This article is based on an official press release from Liebherr.
Liebherr-Aerospace has announced plans to expand its manufacturing and customer service facilities in Lindenberg, Germany, to accommodate growing demand in the aviation sector. According to an official press release from the company, the expansion project is scheduled to begin in 2026 and will include significant additions to both assembly areas and office spaces.
The strategic investment aims to address the rapid increase in aerospace manufacturing and maintenance requirements. As the aviation industry continues its upward trajectory, Liebherr-Aerospace is positioning its Lindenberg site to handle higher volumes of production and customer service activities, particularly for major commercial-aircraft programs.
In addition to physical infrastructure growth, the company is actively seeking to expand its workforce. The press release noted that Liebherr-Aerospace is looking to fill approximately 270 vacancies, primarily in production, assembly, and customer service roles, to support its enhanced operational footprint.
Facility Upgrades and Environmental Standards
The planned expansion will add approximately 6,000 square meters of space dedicated to customer service and assembly operations. To make room for this extension, the site’s current administration building, identified by the company as the oldest structure on the premises, will be demolished. The project also encompasses the expansion of the employee restaurant to accommodate the growing workforce.
Furthermore, Liebherr-Aerospace is constructing a new office complex spanning roughly 10,000 square meters. This addition is designed to provide the company with the flexibility needed to adapt to future space requirements as the aerospace market evolves.
The new facilities will be built in accordance with modern ecological standards. The company plans to implement sustainability construction measures, including heat recovery systems for heating and green roofs equipped with photovoltaic panels.
“We are working on solutions for more environmentally friendly aviation, and this consequently includes more environmentally friendly production and state-of-the-art ecological construction measures,” stated Martin Wandel, Managing Director and Chief Operating Officer of Liebherr-Aerospace & Transportation SAS, in the press release.
Meeting the Demand for Airbus A350 MRO Services
A significant driver behind the Lindenberg site expansion is the increasing demand for maintenance, repair, and overhaul (MRO) services. As global aircraft fleets age and operational routes expand, regular overhauls are required to maintain safety and performance standards.
Specifically, Liebherr-Aerospace anticipates a ramp-up in MRO activities for the Airbus A350 fleet over the coming years. The company developed and currently manufactures the nose landing gear for the A350, which is the largest landing gear produced at the Lindenberg facility. Due to its size and complexity, servicing this equipment requires substantial physical space.
“There is currently a lot of positive movement in our industry, and we respond for the benefit of our customers. We consider ourselves lucky that we have so much work to do, and we need the space to do it,” explained Gerd Heinzelmann, Managing Director at Liebherr-Aerospace Lindenberg GmbH.
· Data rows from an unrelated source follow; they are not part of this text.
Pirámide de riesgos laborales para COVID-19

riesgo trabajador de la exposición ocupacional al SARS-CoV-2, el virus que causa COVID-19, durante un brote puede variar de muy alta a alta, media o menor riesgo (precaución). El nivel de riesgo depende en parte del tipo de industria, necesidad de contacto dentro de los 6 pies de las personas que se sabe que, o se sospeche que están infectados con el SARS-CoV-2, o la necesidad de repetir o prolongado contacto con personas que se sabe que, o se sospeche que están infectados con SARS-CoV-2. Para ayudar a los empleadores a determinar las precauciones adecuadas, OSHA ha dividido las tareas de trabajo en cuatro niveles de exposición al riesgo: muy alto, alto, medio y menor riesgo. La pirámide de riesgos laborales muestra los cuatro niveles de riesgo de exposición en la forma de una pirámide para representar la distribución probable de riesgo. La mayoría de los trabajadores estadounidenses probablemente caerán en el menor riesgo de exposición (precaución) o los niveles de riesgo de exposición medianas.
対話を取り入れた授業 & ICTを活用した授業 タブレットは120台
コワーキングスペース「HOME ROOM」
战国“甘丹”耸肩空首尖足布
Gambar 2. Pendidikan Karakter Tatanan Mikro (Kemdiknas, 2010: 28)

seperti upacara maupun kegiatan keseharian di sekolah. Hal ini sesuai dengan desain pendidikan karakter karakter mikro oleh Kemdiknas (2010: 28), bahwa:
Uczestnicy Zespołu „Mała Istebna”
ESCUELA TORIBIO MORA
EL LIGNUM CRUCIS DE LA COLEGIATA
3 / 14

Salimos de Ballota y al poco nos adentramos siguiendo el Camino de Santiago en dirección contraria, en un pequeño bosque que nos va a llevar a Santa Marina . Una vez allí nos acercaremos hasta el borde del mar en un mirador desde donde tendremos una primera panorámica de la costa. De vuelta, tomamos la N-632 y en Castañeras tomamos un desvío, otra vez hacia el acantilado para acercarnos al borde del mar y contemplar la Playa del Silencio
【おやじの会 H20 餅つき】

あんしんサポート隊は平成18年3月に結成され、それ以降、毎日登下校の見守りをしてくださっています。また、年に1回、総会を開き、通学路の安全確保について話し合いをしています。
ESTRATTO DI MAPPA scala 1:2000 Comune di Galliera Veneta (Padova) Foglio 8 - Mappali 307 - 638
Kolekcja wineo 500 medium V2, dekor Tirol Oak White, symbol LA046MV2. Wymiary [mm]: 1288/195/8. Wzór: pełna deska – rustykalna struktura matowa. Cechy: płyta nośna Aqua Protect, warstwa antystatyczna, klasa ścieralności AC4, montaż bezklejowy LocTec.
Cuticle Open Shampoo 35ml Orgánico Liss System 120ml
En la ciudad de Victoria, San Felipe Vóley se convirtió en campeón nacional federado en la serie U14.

Workforce Expansion and Regional Impact
To support its physical growth and increased operational demands, Liebherr-Aerospace is launching a significant recruitment drive. The company has been a fixture in the aviation industry for over 65 years, and the Lindenberg site serves as the foundational hub for its aerospace and transportation technology segment.
With around 270 open positions, the company is targeting skilled professionals to bolster its production, assembly, and customer service teams. Company leadership emphasized the attractiveness of the region and the opportunity to work on cutting-edge technology for aircraft, helicopters, and advanced air mobility.
“We have been working for the aviation industry for just over 65 years, and we want to continue to strengthen our local footprint, to do this, we need more employees,” noted Philipp Walter, Managing Director at Liebherr-Aerospace Lindenberg GmbH.
AirPro News analysis
The expansion of Liebherr-Aerospace’s Lindenberg facility underscores a broader industry trend of aerospace suppliers scaling up operations to meet post-pandemic recovery demands. As major original equipment manufacturers (OEMs) like Airbus increase production rates, tier-one suppliers must concurrently expand their manufacturing and MRO capabilities to prevent supply chain bottlenecks. The specific focus on the Airbus A350 nose landing gear highlights the long-term lifecycle commitments suppliers make when securing contracts for widebody aircraft programs.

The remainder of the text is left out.